Analysis: Counter service
Arizona was outshot 15-8 by USC in their 1-0 loss on Thursday night, but the Wildcats had their fair share of scoring chances thanks to the counter attack, something the Wildcats haven’t utilized much this season.
Arizona was outshot 15-8 by USC in their 1-0 loss on Thursday night, but the Wildcats had their fair share of scoring chances thanks to the counter attack, something the Wildcats haven’t utilized much of this season.
Many of those chances started in the midfield. The Trojans’ midfield positioning forced UA into a 4-2-1-3 formation, instead of the 4-4-2 that the ‘Cats usually play. The two center mids that sat in front of the defensive line, along with the wingbacks, created a lot of turnovers in the midfield. All the mids or wingbacks had to do after stealing the ball was then to lob a ball up the pitch for one of the three forwards to run on to.
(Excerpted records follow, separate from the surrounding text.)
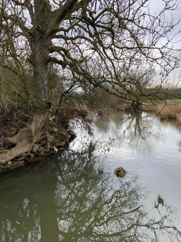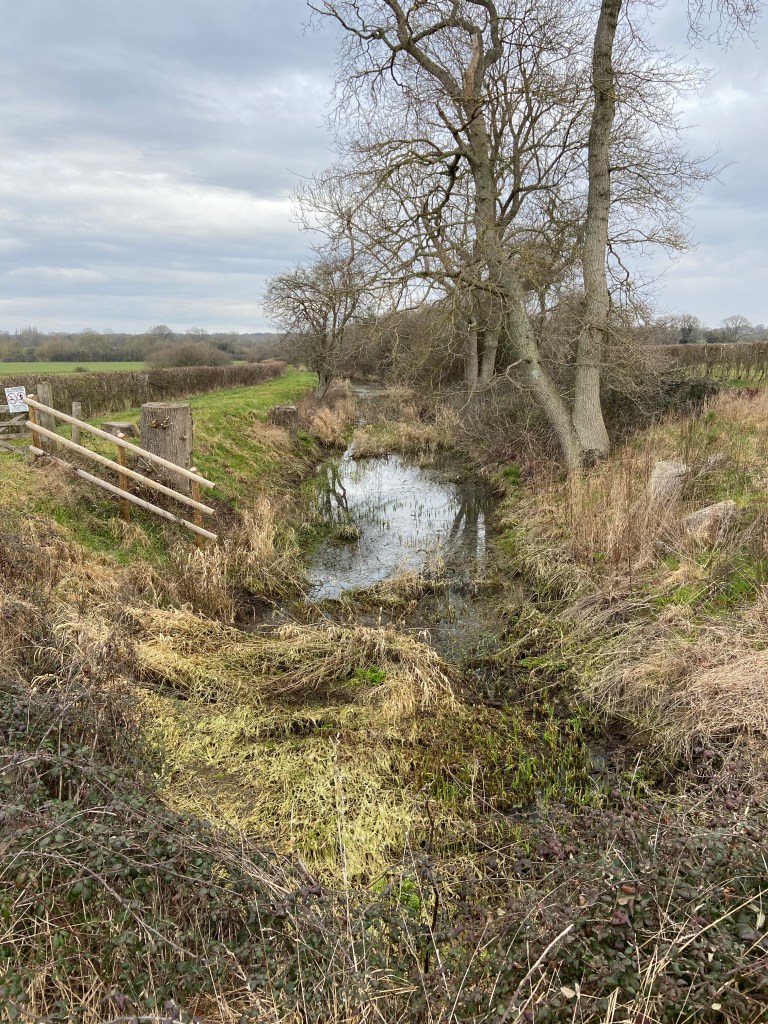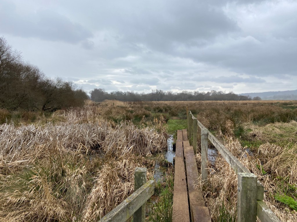 It is a sad fact that on an almost totally litter-free day so far (good! But also not good that it should be so unusual that I noticed), almost the only litter I saw (a beer can, an orange crate, and an entire car bumper) was heaved over the fence into the Waltham Brooks nature reserve to dismay the geese and lapwings. Quite beyond my comprehension. But just beyond that was Greatham Bridge, another medieval construction (1294), and another reminder of how important the river crossings were… there was Civil war battle here for control over this one.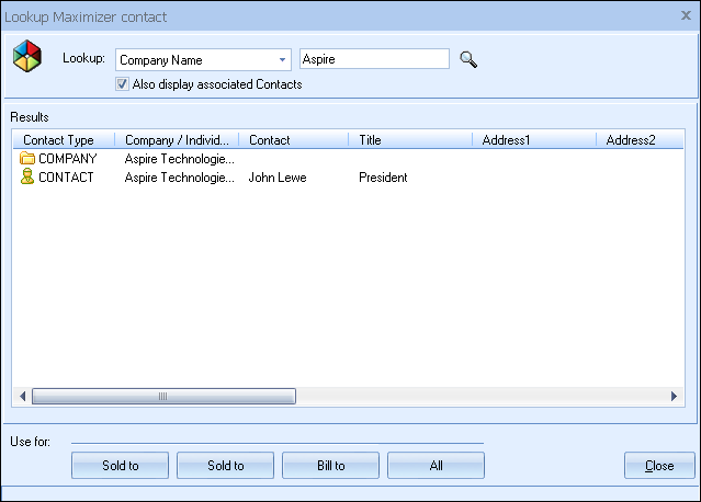 Once you have found the Company, Individual or Contact you are looking for, select the record and click on the [Sold To] button to use this contact for the Sold to information. You can also select a contact and click on the [Ship To] button to use this contact for the Ship to information or you can click on the [Bill To] button to use this contact for the Bill to information. When you are finished selecting contacts, click on the [Close] button. You will be returned to the Sold to/ Ship to tab and the selected contacts will be pre-filled in the Sold to/Ship to/Bill to fields.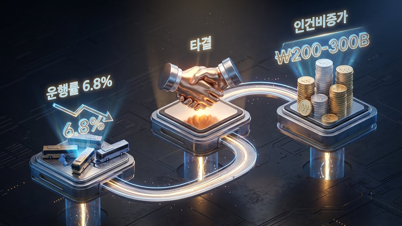서울 버스 파업은 이틀 만에 끝났지만, 진짜 게임은 지금부터다. 연간 2천억~3천억 원대로 추정되는 인건비 증가는 요금 인상 없이는 감당할 수 없는 규모고, 요금 인상을 하면 서민 부담이 커지며 소비 위축으로 이어진다. 재정으로 흡수하면 지방채·국채 부담이 커지고, SOC 예산 확대 논의가 열린다.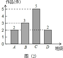 分析 (1)由题意得:所调查的4个班征集到的作品数为:5÷$\frac{150}{360}$=12(件),B作品的件数为:12-2-5-2=3(件);继而可补全条形统计图;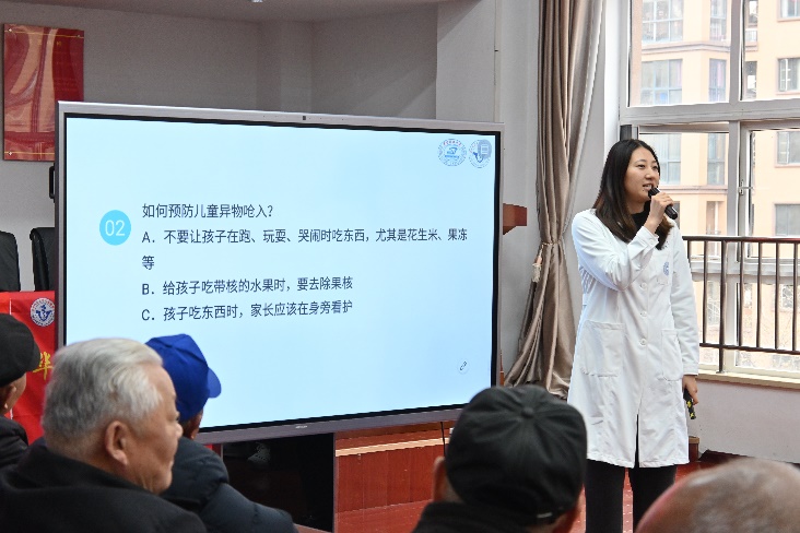 最后为确保落实科普知识宣讲活动效果,提高社区老人健康科学素养,讲座结束后,团队成员开展“急救知识有奖趣味竞答”环节,社区老人积极互动参与,团队成员为答对题目的居民分发小礼品,现场气氛活跃。

Cali Crisler, who was playing in an attacking center midfield role, instead of on the wing, played a valuable role as a trailer for the forwards to lay the ball off to. Crisler almost scored an absolute golazo in extra time after she was played a through ball and took a strike from 30 yards out.
The Wildcats played with three up top. They had two forwards on the wing, and let Charlotte Brascia play as a true striker. The two wing forwards marked the Trojan outside midfielders until the mids moved too far up the pitch into Wildcat territory. They would then mark the wing backs of USC. This allowed Brascia to be left alone with the SC center backs. Brascia was able to run onto balls played over the top, and even if she didn’t win the ball, she was able to disrupt SC from mounting any real attack, letting the UA defense to find its’ shape, and force another turnover.
Arizona looked somewhat comfortable in this formation, but was very disorganized when SC committed numbers forward. Furthermore, this formation didn’t allow Crisler to get to the wing and cross balls in, which has been Arizona’s most effective weapon. By not looking to cross balls in, Arizona was held to only three corner kicks.
This quicker, more one-on-one style of attack should help Gabi Stoian find the back of the net again. Stoian is best when she takes defenders head on. She had a hard time beating her markers when Arizona was playing in a high defensive press because Arizona forced their opponents to condense their defenses, so after Stoian would beat a defender, another would be close enough to step in and make the tackle. This more open style of play should also open more shooting lanes for Stoian and the other sharp shooters on the ‘Cats.
If Arizona commits to this style of play, they will be better suited to take on better competition. UA’s play at the beginning of the year was able to work against lesser competition, but this allows the ‘Cats to be consistent against some of the best teams in the country.